While there is a scarcity of pharmacological tools with specificity for members of the adenylate cyclase family, such tools are available for the cAMP-hydrolysing phosphodiesterases. By RT-PCR we detected a qualitatively similar PDE mRNA expression profile for L-cells to that found previously by microarray analysis. PDE2a and PDE4d seemed to be the predominant isoforms specifically expressed in L-cells, with moderate but detectable levels of PDE1c, PDE3a, PDE8a, PDE8b and PDE11a mRNAs. Consistent with previous reports showing acute GLP-1 responses in rats upon injection of the PDE4 inhibitor rolipram (Ong ), we observed an elevation of cAMP in GLUTag cells when rolipram was applied, presumably due to inhibition of PDE4d. The fact that we did not observe similar changes in response to the PDE2 and PDE3 inhibitors Bay-60-7550 and Org 9935 using the ‘cytosolic’ FRET sensor probably reflects compartmentalization of different PDEs within the cell. Different PDEs, including PDE2-, PDE3- and PDE4-family isoforms, have been shown to be targeted to specific subcompartments either close to cAMP-production or -sensing sites, with further specificity achieved through alternative splicing (Shakur ; Mongillo ; Nilsson ; Houslay, 2010). However, the observed stimulation of GLP-1 secretion by rolipram, Bay-60-7550 and Org 9935, corresponds well with the cAMP changes seen in response to all three agents when monitored with a plasma membrane targeted sensor, thus suggesting a role for PDE2a, PDE3a/b and PDE4d in GLP-1 secretion, even if the cAMP concentration at the site of the non-targeted ‘cytosolic’ FRET sensor is dominated by PDE4-activity.

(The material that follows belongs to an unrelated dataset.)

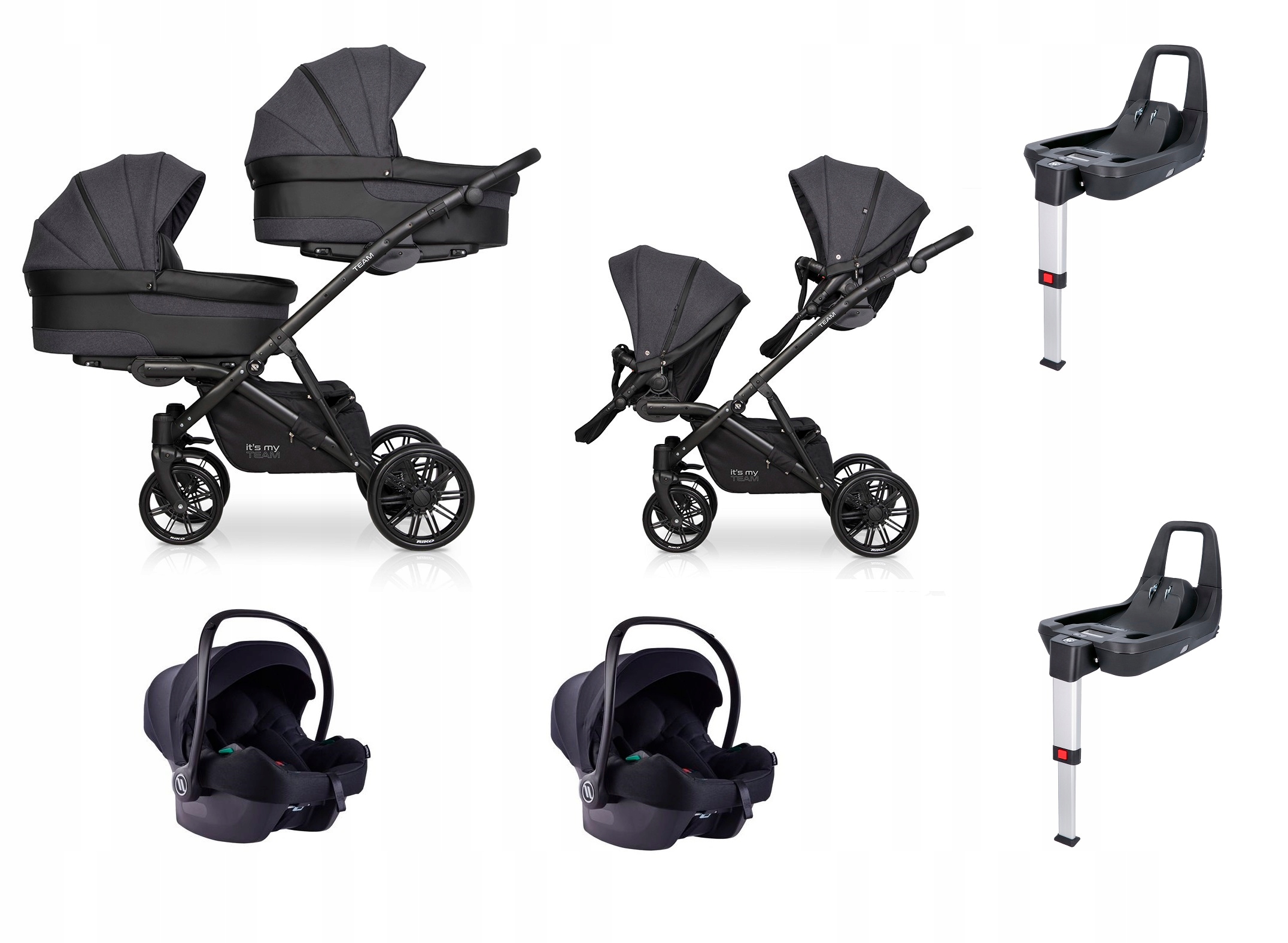 Коляска для близнецов Riko Team 3в1 с сиденьями COSMO + IQ 2.0 C BASE

In contrast to PDE4, which is cAMP-specific, PDE2 and PDE3 can both also hydrolyse cGMP. They differ, however, in their sensitivity to cGMP, which allosterically activates PDE2 but competitively inhibits PDE3. Our observation that activation of the guanylate cyclase-coupled guanylin receptor (GC-C) stimulates GPL-1 secretion suggests a stimulating role for cGMP, acting either via PDE3 inhibition or an alternative signalling pathway. The idea that it acts through PDE3 is suggested by the finding that guanylin was ineffective on GLP-1 secretion in the presence of the non-specific PDE inhibitor IBMX or the PDE3-specific inhibitor Org 9935, whereas its effect was retained, or even tended to increase, when PDE2 was inhibited by Bay-60-7550. Guanylin is believed to be secreted into the lumen of the intestine (Currie ; de Sauvage ) and our results suggest it may stimulate more distally located L-cells via a GC-C receptor pathway resulting in cGMP elevation and inhibition of PDE3. Stimulation of GLP-1 release by guanylin has not previously been reported and may represent a novel paracrine signalling loop within the intestine.